The mix of different civil service professions also varies by region. Cross-departmental specialist roles – including policy, economics and HR – make up around one in five civil service jobs, but constitute almost half of the London-based civil service work force. London is the most policy-focused region, with 20% of London-based civil servants belonging to the policy profession. The region with the next highest proportion of policy officials is Wales, where 6% of civil servants are in policy roles. 

A chart showing the distribution of policy professionals around the country. Almost 70% are based in London.

Overall, 67% of all policy-focused civil servants are based in London – down from 68% last year and 72% in 2021, but still reflecting the deeply London-centric nature of the profession.

How has the number of civil servants in each region changed?

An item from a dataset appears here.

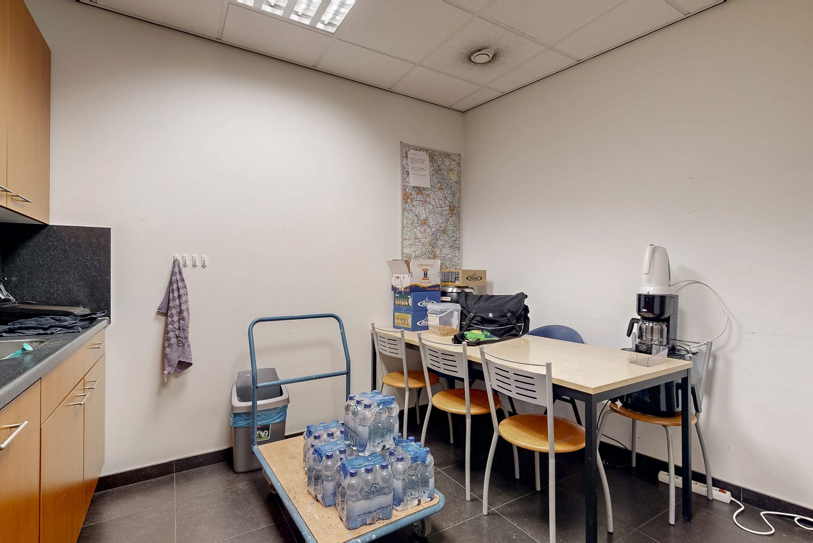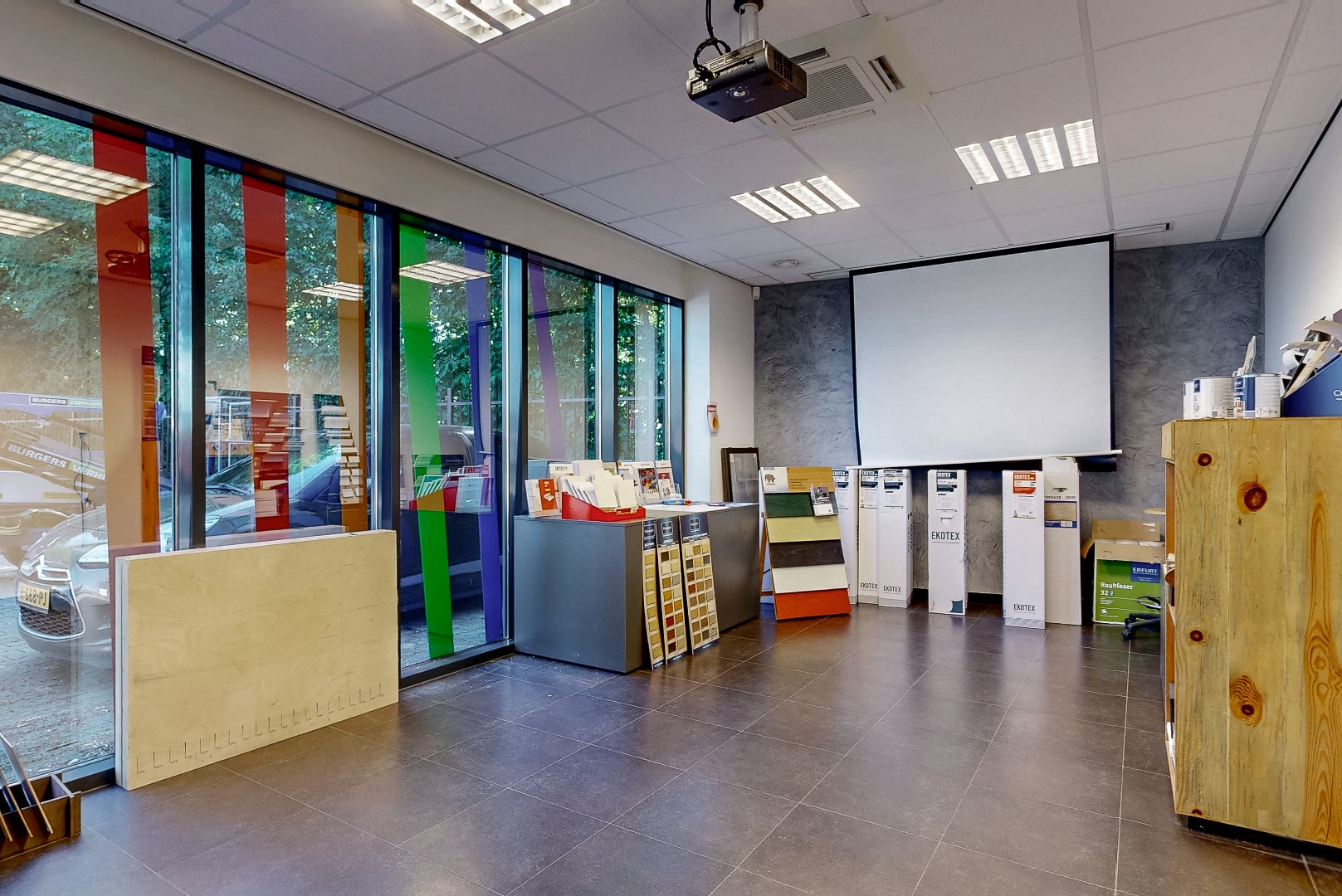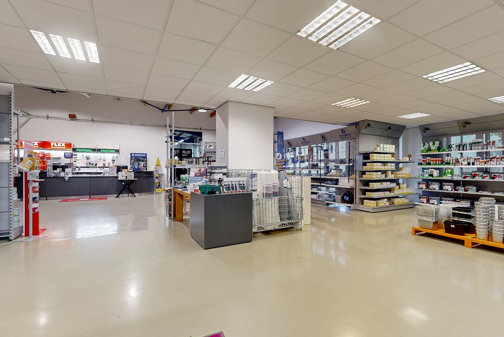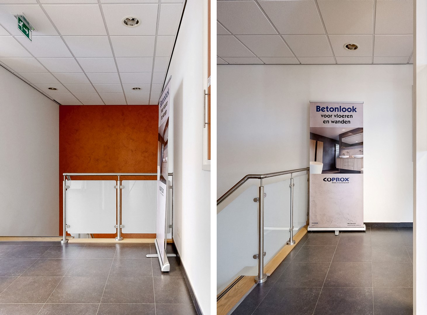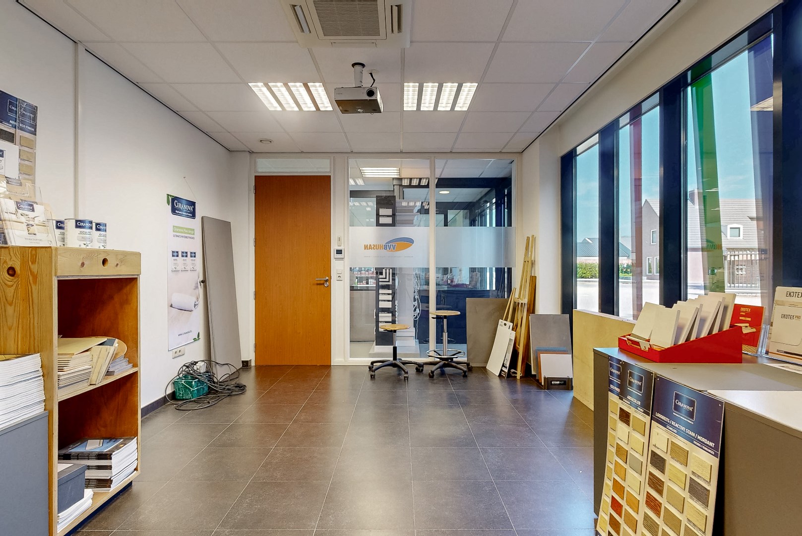 Showroom, keuken, toilet, overloop en kantoren eerste verdieping: tegelvloer

In February 2023, the government announced that it was over halfway to the goal of moving 22,000 civil servants outside of London. While it is unclear how this target – and progress towards it – is calculated, it seems to reflect some recent progress in increasing the number of civil service roles outside of London, particularly between March 2022 and March 2023.

A chart showing the change in numbers of civil servants in different regions of the UK between 2022-23, with a decrease in London and increase in most other regions

However, measuring from 2010 rather than 2020 tells a different story. The number of civil servants in London has grown by 20% over the past 13 years, the largest growth of any region. The other regions where staff numbers have grown are Wales (9% growth), Scotland (6% growth), North West (3%) and Northern Ireland (1%). The deepest staff reductions since 2010 can be found in the East of England, where numbers have fallen by 27%, and the South East, where they have fallen by 19%. 

This means that, to some extent, the current places for growth programme is merely attempting to reverse some of the effects of the accretion of roles in London over the past 13 years.

A chart showing the change in numbers of civil servants in different regions of the UK between 2010-23, with the biggest increase in London although that has begun to decline.